Kangrui Ruan · Junzhe Zhang · Xuan Di · Elias Bareinboim

[ ]
Thu 12 Dec 4:30 p.m. PST — 7:30 p.m. PST


Imitation learning enables an agent to learn from expert demonstrations when the performance measure is unknown and the reward signal is not specified. Standard imitation methods do not generally apply when the learner and the expert's sensory capabilities mismatch and demonstrations are contaminated with unobserved confounding bias. To address these challenges, recent advancements in causal imitation learning have been pursued.

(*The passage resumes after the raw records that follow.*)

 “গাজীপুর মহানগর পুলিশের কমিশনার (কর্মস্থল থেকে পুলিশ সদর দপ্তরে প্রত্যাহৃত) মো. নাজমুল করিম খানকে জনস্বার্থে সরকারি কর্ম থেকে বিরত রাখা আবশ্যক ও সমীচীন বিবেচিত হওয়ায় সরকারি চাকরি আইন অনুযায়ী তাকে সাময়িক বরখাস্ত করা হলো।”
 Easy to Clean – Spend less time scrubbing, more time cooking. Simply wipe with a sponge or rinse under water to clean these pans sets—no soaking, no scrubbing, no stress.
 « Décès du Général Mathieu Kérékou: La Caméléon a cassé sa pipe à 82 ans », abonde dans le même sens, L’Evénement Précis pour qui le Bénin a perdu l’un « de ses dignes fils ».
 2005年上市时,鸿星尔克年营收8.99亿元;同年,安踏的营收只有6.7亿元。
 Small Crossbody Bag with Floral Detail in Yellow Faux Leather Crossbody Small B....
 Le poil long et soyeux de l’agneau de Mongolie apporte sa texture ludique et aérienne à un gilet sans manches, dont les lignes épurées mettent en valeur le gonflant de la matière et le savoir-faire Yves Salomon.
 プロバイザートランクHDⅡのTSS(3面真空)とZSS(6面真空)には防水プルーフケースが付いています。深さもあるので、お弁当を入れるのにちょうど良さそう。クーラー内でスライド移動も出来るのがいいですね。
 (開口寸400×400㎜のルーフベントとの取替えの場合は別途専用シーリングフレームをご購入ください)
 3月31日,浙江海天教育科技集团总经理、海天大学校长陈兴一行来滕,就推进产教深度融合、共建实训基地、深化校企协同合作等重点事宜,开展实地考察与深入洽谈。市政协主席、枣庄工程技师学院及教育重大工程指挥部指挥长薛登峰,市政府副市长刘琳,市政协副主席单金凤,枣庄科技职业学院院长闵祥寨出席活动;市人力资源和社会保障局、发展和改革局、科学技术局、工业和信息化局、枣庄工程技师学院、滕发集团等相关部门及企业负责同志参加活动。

However, these methods often require access to underlying causal structures that might not always be available, posing practical challenges.In this paper, we investigate robust imitation learning within the framework of canonical Markov Decision Processes (MDPs) using partial identification, allowing the agent to achieve expert performance even when the system dynamics are not uniquely determined from the confounded expert demonstrations. Specifically, first, we theoretically demonstrate that when unobserved confounders (UCs) exist in an MDP, the learner is generally unable to imitate expert performance. We then explore imitation learning in partially identifiable settings --- either transition distribution or reward function is non-identifiable from the available data and knowledge. Augmenting the celebrated GAIL method (Ho \& Ermon, 2016), our analysis leads to two novel causal imitation algorithms that can obtain effective policies guaranteed to achieve expert performance.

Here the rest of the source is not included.